The emotional edge a plaintiff brings to the table can also be tempered in some cases by raising challenges to the source of the alleged illness. If we can show significant problems with an outbreak investigation and its conclusions, or demonstrate that our client produced and distributed thousands of safe and wholesome meals the week it processed the meal in question—and the plaintiff was the only person who allegedly became ill—a jury will likely be more disposed to set aside emotion and focus instead on what really made the plaintiff sick.
Most jurors will also understand and appreciate a plaintiff’s obligation to exercise reasonable care for his or her own safety. Depending upon the circumstances, a plaintiff may have admitted to health department investigators to eating a rare or undercooked hamburger despite the federally-mandated safe handling labels warning her not to. Where a plaintiff shows no appreciation of the inherent risk, a jury will be more disposed to set aside sympathy and attribute fault to the plaintiff.

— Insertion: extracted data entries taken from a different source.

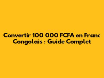 Convertir 100 000 FCFA En Franc Congolais : Guide Complet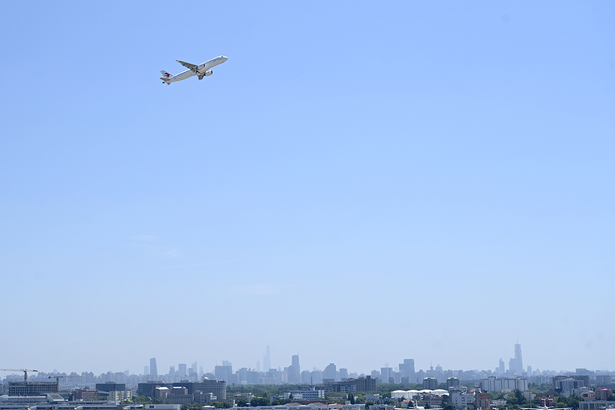 5月28日上午10点45分,C919客机从上海虹桥国际机场起飞,开启商业首航。澎湃新闻记者朱伟辉图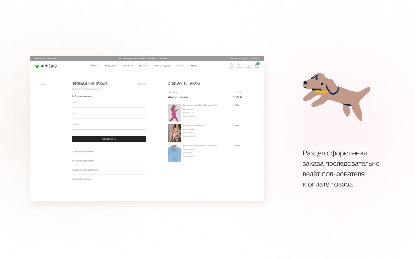 Функция оформления заказа спроектирована оптимальным способом для быстрого заполнения необходимых данных для доставки. После совершения первой покупки все данные запоминаются и хранятся в личном кабинете пользователя.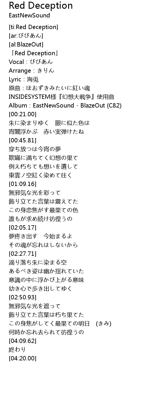 | [00:00.00] | 「Red Deception」 |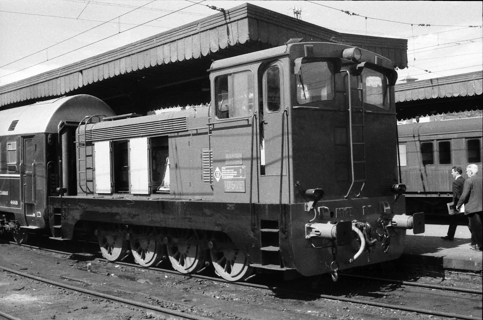 Como comentaba en una entrada anterior, a principios de la década de los 50 del siglo pasado, RENFE tuvo que plantearse la potenciación y agilización de las maniobras en estaciones y depósitos encargadas hasta entonces a las ya achacosas locomotoras de vapor de los tipos 0-3-0 y 0-4-0. La solución pasaba por la adquisición de un buen número de locomotoras diesel de maniobras, vista la positiva experiencia de su funcionamiento en diversos países europeos. Las alternativas eran la construcción bajo licencia, el desarrollo de un modelo autóctono, o la importación directa. Por otra parte se planteaba la disyuntiva entre optar por transmisiones eléctricas o apostar por la opción -básicamente alemana- de las hidráulicas, menos pesadas pero de mantenimiento más complicado. La decisión fue salomónica: se adquirieron veinte de transmisión eléctrica, fabricadas en España bajo licencia, que iniciaron las pobladas series 10300 y 10400, de la que ya nos hemos ocupado, y veinte con transmisión hidráulica, importadas directamente de Alemania. Fueron las 10501 a 10520, que son de las que nos tratamos en esta entrada. Un año después, en 1955, aparecerían los tractores 10100 de diseño y fabricación totalmente nacionales.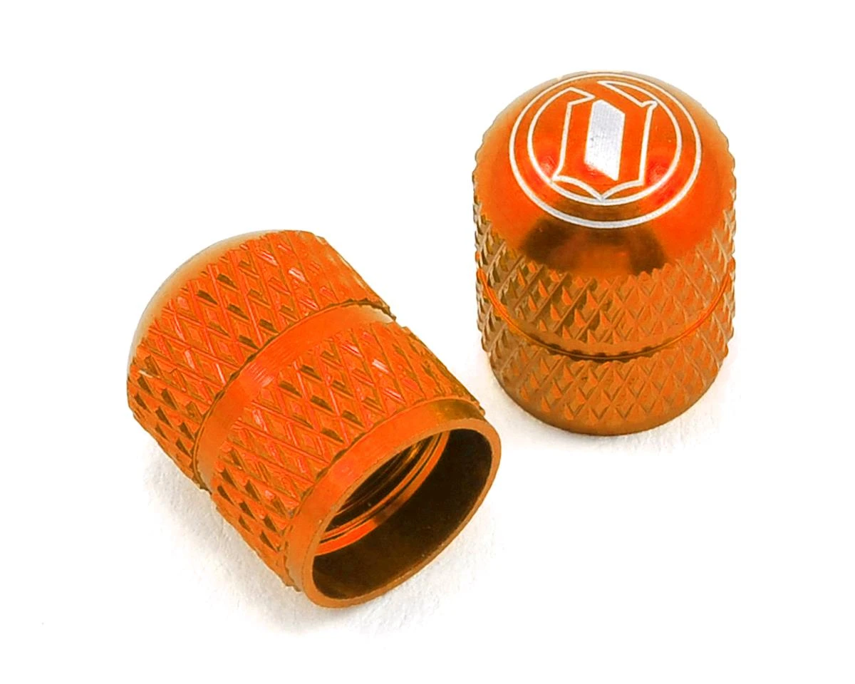 This is a pair of Schrader Valve caps from Deity. Available in anodized colors, this set of valve caps are a fantastic accent piece for any bike.

Additionally, many claimants and their attorneys will also significantly inflate and exaggerate damage claims to maximize potential recovery at settlement or trial. When a plaintiff’s overreaching is challenged appropriately and tactfully, his or her dishonesty in many cases will significantly diminish the potential sympathy a jury might otherwise be inclined to feel. While emotion is always a factor, it can in many instances be effectively controlled.